[What this task involves]
Extract all lines that hold "Максим" from the records below.

Records from a dataset

%%

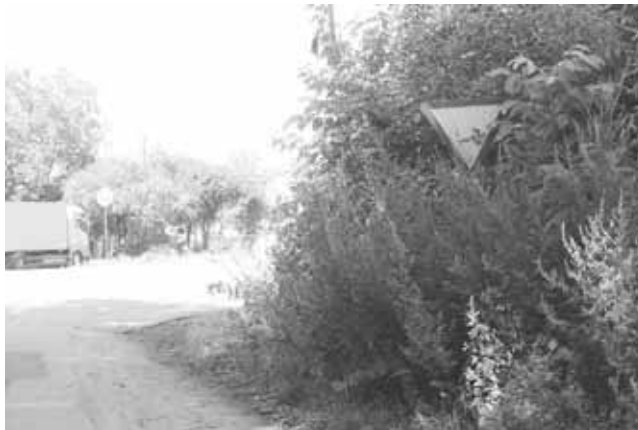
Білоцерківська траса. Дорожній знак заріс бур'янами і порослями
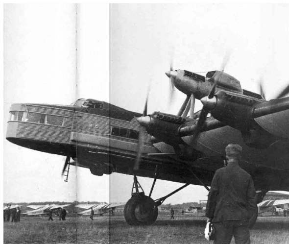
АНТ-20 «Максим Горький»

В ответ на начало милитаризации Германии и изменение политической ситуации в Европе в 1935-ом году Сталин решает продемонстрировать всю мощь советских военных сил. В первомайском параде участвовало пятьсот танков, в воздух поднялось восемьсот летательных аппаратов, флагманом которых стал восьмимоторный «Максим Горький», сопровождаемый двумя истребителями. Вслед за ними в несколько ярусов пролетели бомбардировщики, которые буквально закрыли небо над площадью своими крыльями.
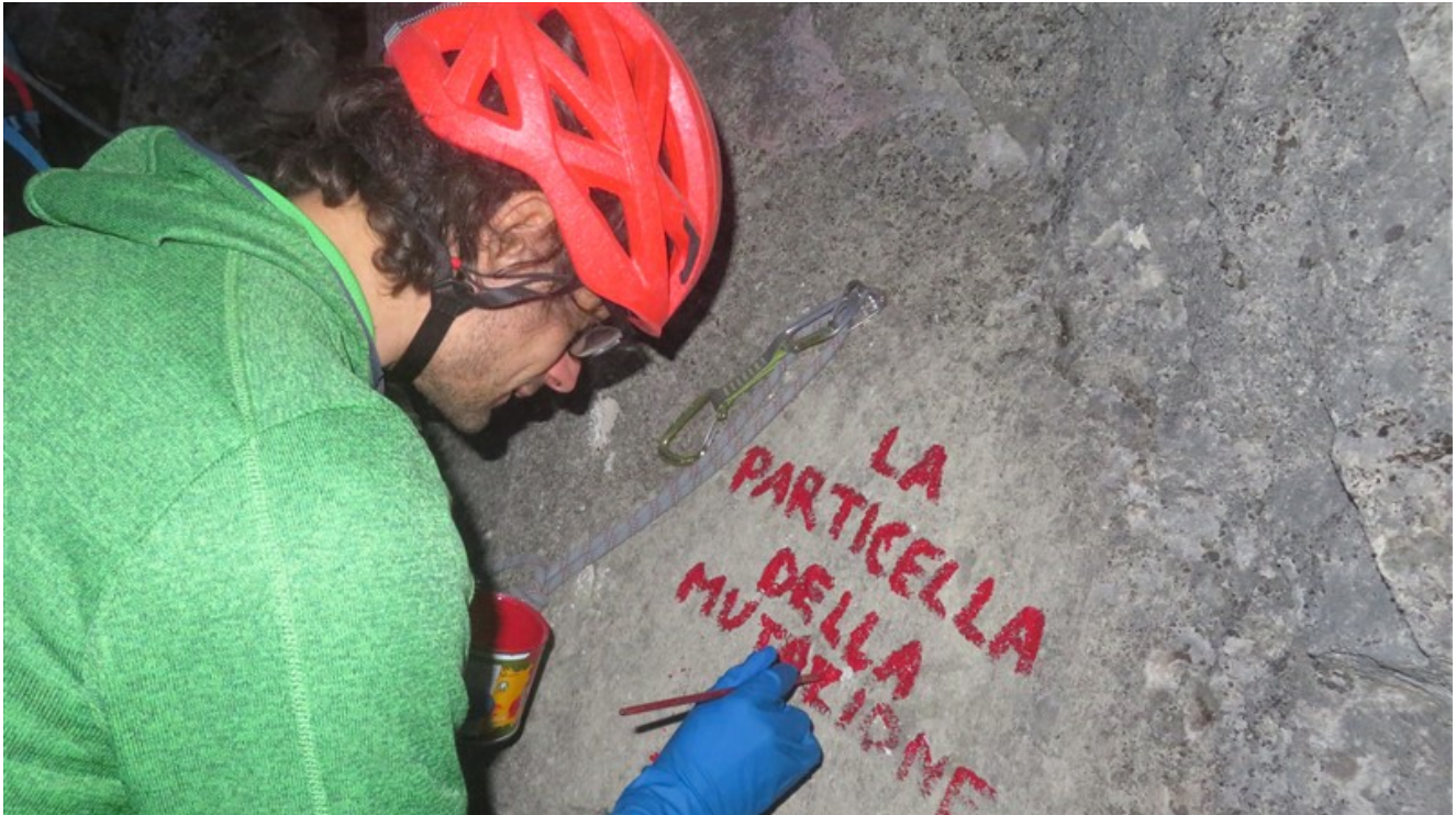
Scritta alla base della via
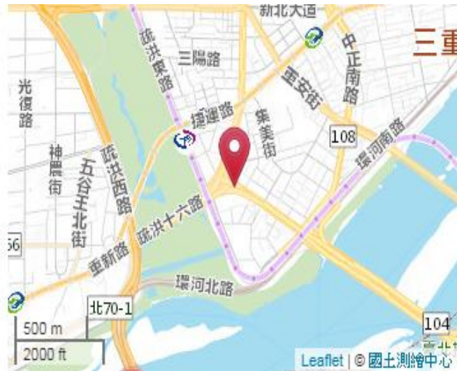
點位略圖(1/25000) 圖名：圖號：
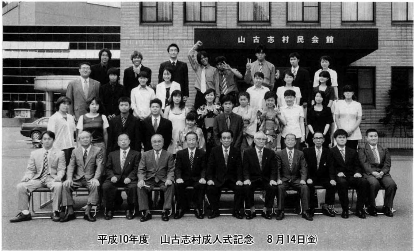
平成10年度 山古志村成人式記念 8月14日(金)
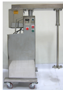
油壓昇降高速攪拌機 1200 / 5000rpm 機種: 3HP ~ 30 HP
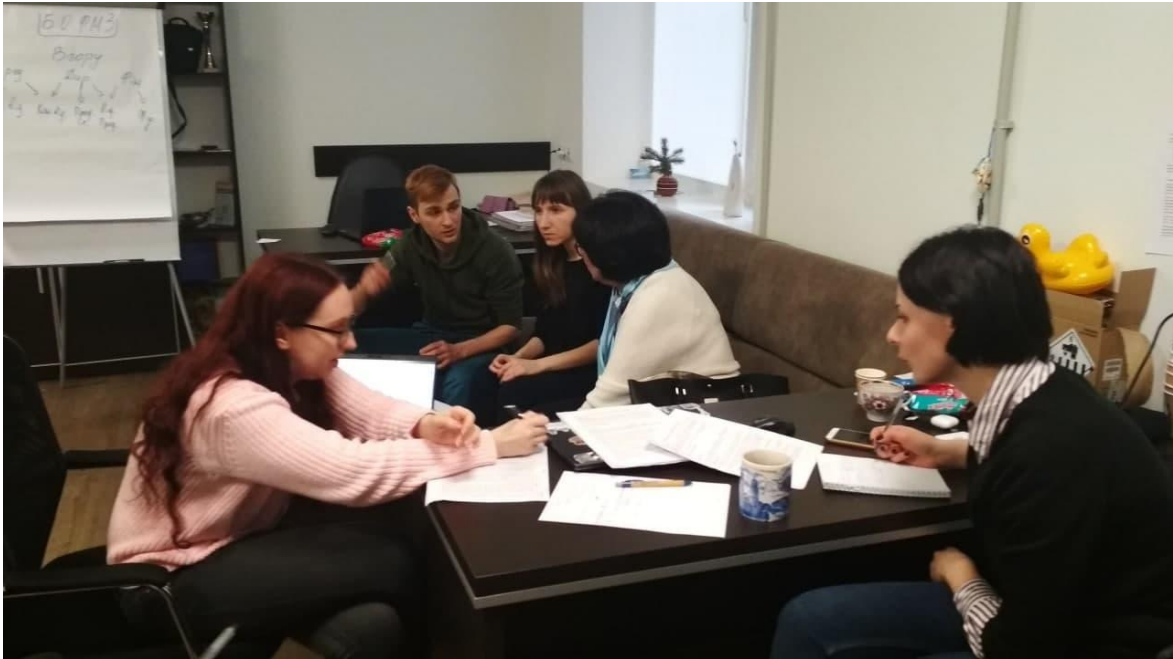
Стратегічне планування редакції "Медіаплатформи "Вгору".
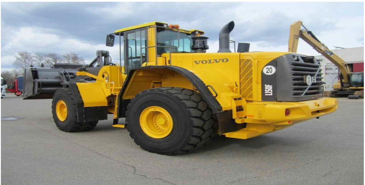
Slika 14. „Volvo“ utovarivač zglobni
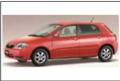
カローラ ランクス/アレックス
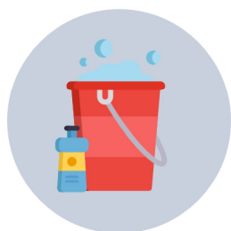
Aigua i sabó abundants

%%

[Answer to this problem]
АНТ-20 «Максим Горький»
В ответ на начало милитаризации Германии и изменение политической ситуации в Европе в 1935-ом году Сталин решает продемонстрировать всю мощь советских военных сил. В первомайском параде участвовало пятьсот танков, в воздух поднялось восемьсот летательных аппаратов, флагманом которых стал восьмимоторный «Максим Горький», сопровождаемый двумя истребителями. Вслед за ними в несколько ярусов пролетели бомбардировщики, которые буквально закрыли небо над площадью своими крыльями.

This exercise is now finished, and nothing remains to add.